Table 2 Tasks for Installing and Configuring Sun Cluster HA for Sun Grid Engine
Task |
Instructions |
---|---|
Plan the installation |
Sun Cluster HA for Sun Grid Engine Overview Planning the Sun Cluster HA for Sun Grid Engine Installation and Configuration |
Prepare the nodes and disks | |
Install and configure Sun Grid Engine | |
Verify Sun Cluster HA for Sun Grid Engine installation and configuration |
Verifying the Installation and Configuration of Sun Grid Engine |
Install Sun Cluster HA for Sun Grid Engine Packages | |
Configure the HAStoragePlus resource type to work with Sun Cluster HA for Sun Grid Engine |
Configuring the HAStoragePlus Resource Type to Work With Sun Cluster HA for Sun Grid Engine |
Configure Sun Cluster HA for NFS for use with Sun Cluster HA for Sun Grid Engine |
Configuring Sun Cluster HA for NFS for Use With Sun Cluster HA for Sun Grid Engine |
Register and Configure Sun Cluster HA for Sun Grid Engine |
Registering and Configuring Sun Cluster HA for Sun Grid Engine |
Verify Sun Cluster HA for Sun Grid Engine installation and configuration |
Verifying the Sun Cluster HA for Sun Grid Engine Installation and Configuration |
Tune Sun Cluster HA for Sun Grid Engine fault monitors |
Tuning the Sun Cluster HA for Sun Grid Engine Fault Monitors |
Debug Sun Cluster HA for Sun Grid Engine |
This section contains the information that you need to plan your Sun Cluster HA for Sun Grid Engine installation and configuration.

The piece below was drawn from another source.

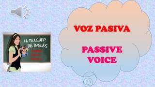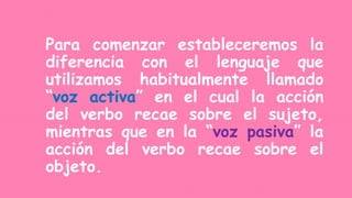 The document discusses the passive voice in Spanish. It begins by distinguishing between the active voice, where the subject performs the action of the verb, and the passive voice, where the action of the verb is received by the object. It then provides instructions for transforming an active sentence into a passive sentence by making the object the subject and using the verb "to be" plus the past participle. Examples are given of active and corresponding passive sentences. Finally, it discusses how the verb changes form depending on its tense in the original active sentence and provides five more examples of sentences transformed from active to passive voice.

Before you begin, consult your Sun Grid Engine documentation for configuration restrictions and requirements that are not imposed by Sun Cluster software.

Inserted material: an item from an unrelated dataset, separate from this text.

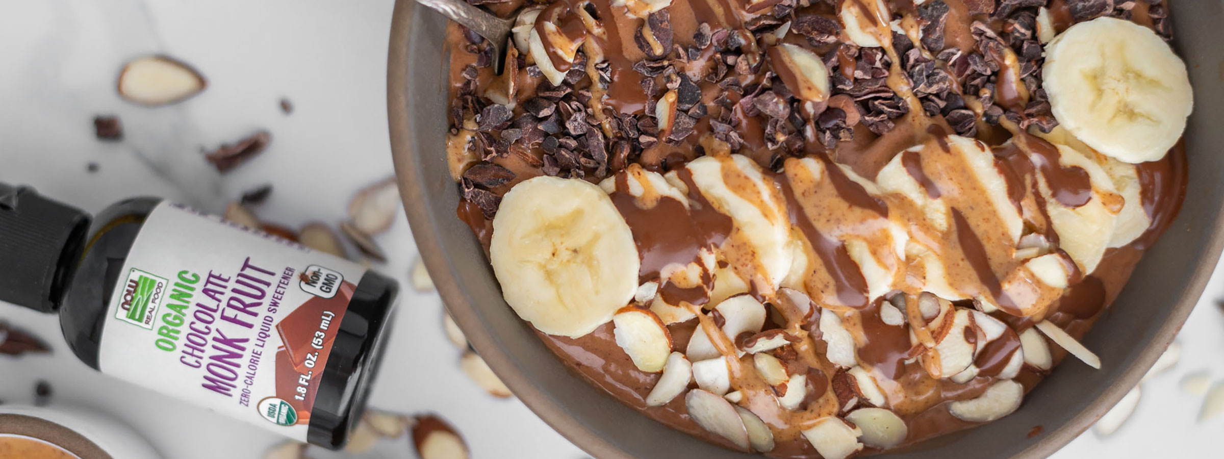 - In a small bowl, combine 5 drops NOW Real Food Chocolate Liquid Monk Fruit, 1 tablespoon cocoa powder, and water until a smooth chocolate sauce forms. Set aside.

The configuration restrictions in the subsections that follow apply only to Sun Cluster HA for Sun Grid Engine.
Your data service configuration might not be supported if you do not observe these restrictions.

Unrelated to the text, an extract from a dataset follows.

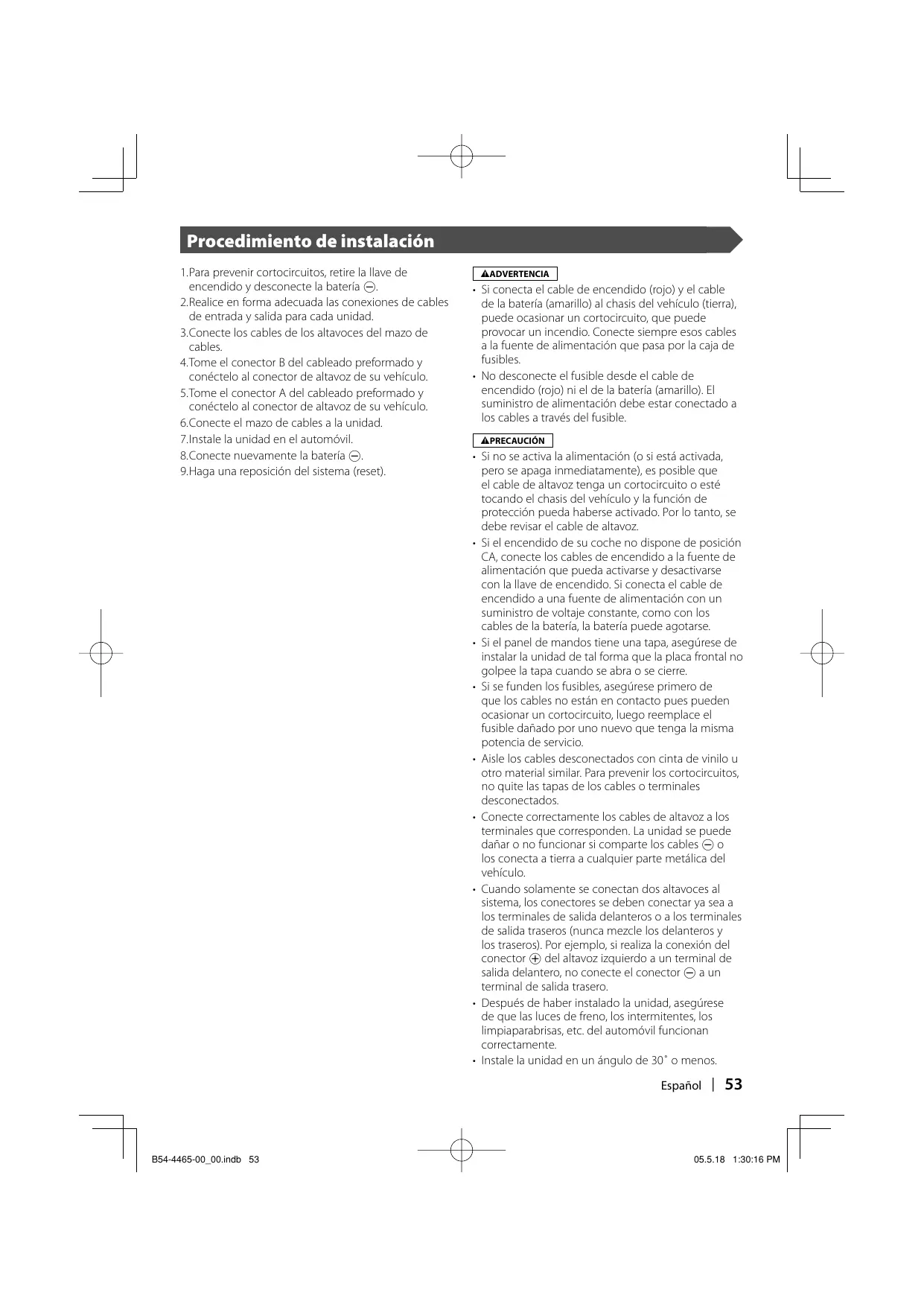 Procedimiento de instalaciôn 1.Para prevenir cortocircuitos, retire la Ilave de encendido y desconecte la bateria ©) 2.Realice en forma adecuada las conexiones de cables de entrada y salida para cada unidad. 3.Conecte los cables de los altavoces del mazo de cables. 4Tome el conector B del cableado preformado y conéctelo al conector de altavoz de su vehiculo. 5.Tome el conector À del cableado preformado y conéctelo al conector de altavoz de su vehiculo. 6.Conecte el mazo de cables a la unidad! 7.nstale la unidad en el automévil. 8.Conecte nuevamente la bateria ©) 9.Haga una reposiciôn del sistema (reset) + Si conecta el cable de encendido {rojo) y el cable de la bateria (amarillo) al chasis del vehiculo (tierra), puede ocasionar un cortocircuito, que puede provocar un incendio. Conecte siempre esos cables à la fuente de alimentacién que pasa por la caja de fusibles + No desconecte el fusible desde el cable de encendido (roje) ni el de la bateria (amarillo). El suministro de alimentaciôn debe estar conectado à los cables a través del fusible. + Sino se activa la alimentaciôn (o si esté activada, pero se apaga inmediatemente) es posible que el cable de altavz tenga un cortocircuito o esté tocando el chasis del vehiculo y la funcién de protecciôn pueda haberse activado. Por lo tanto, se debe revisar el cable de altavoz. Si el encendido de su coche no dispone de posiciôn CA, conecte los cables de encendido a la fuente de limentacién que pueda activarse y desactivarse con la llave de encendido. Si conecta el cable de encendido a una fuente de alimentacién con un suministro de voltaje constante, como con los cables de la bateria, la bateria puede agotarse. Si el panel de mandos tiene una tapa, asegürese de instaler la unidad de tal forma que la placa frontal no golpee la tapa cuando se abra o se cierre. Si se funden los fusibles, asegürese primero de que los cables no estän en contacto pues pueden ocasionar un cortocircuito, luego reemplace el fusible dañado por uno nuevo que tenga la misma potencia de servicio. Aïsle los cables desconectados con cinta de vinilo u otro material similar. Para prevenir los cortocircuitos, no quite las tapas de los cables o terminales desconectados Conecte correctamente los cables de altavoz a los terminales que corresponden. La unidad se puede dañar o no funcionar si comparte los cables © o los conecta a tierra a cualquier parte metélica del vehiculo. Cuando solamente se conectan dos altavoces al sistema, los conectores se deben conectar ya sea à los terminales de salida delanteros o a los terminales de salida traseros (nunca mezcle los delanteros y los traseros). Por ejemplo, si realiza la conexiôn del conector ® del altavez izquierdo a un terminal de salida delantero, no conecte el conector © à un terminal de salida trasero. Después de haber instalado la unidad, asegurese de que las luces de freno, los intermitentes, los limpiaparabrisas, etc. del automévil funcionan correctamente. + Instale la unidad en un éngulo de 30° o menos. Español | 53

Do not use the Sun Grid Engine shadow daemon. The Sun Grid Engine shadow daemon provides an optional mechanism for recovery from failures. This mechanism interferes with the automatic fault recovery that Sun Cluster provides.
Do not choose the option to use a Berkley DB spooling server. Either choose the Classic spooling method or the local Berkley DB spooling method. Currently it is not possible to configure the Berkley DB spooling server in a highly available way within the Sun Cluster framework.
Do not choose the start at boot option when installing Sun Grid Engine. To ensure that Sun Cluster HA for Sun Grid Engine can provide fault monitoring and automatic fault recovery, Sun Grid Engine must be started only by Sun Cluster.
The configuration requirements in this section apply only to Sun Cluster HA for Sun Grid Engine.
If your data service configuration does not conform to these requirements, the data service configuration might not be supported.
Use Sun Grid Engine version 6.0 or 6.1. Make sure to apply the most recent available Patches to the Sun Grid Engine software.
The Sun Grid Engine management tier must run on Sun Cluster nodes. Because Sun Cluster runs only on the Solaris Operating System, the Sun Grid Engine management tier must also run on the Solaris Operating System. However, Sun Grid Engine supports other operating systems. Therefore, this requirement applies only to the management tier, not to individual execution nodes in the grid.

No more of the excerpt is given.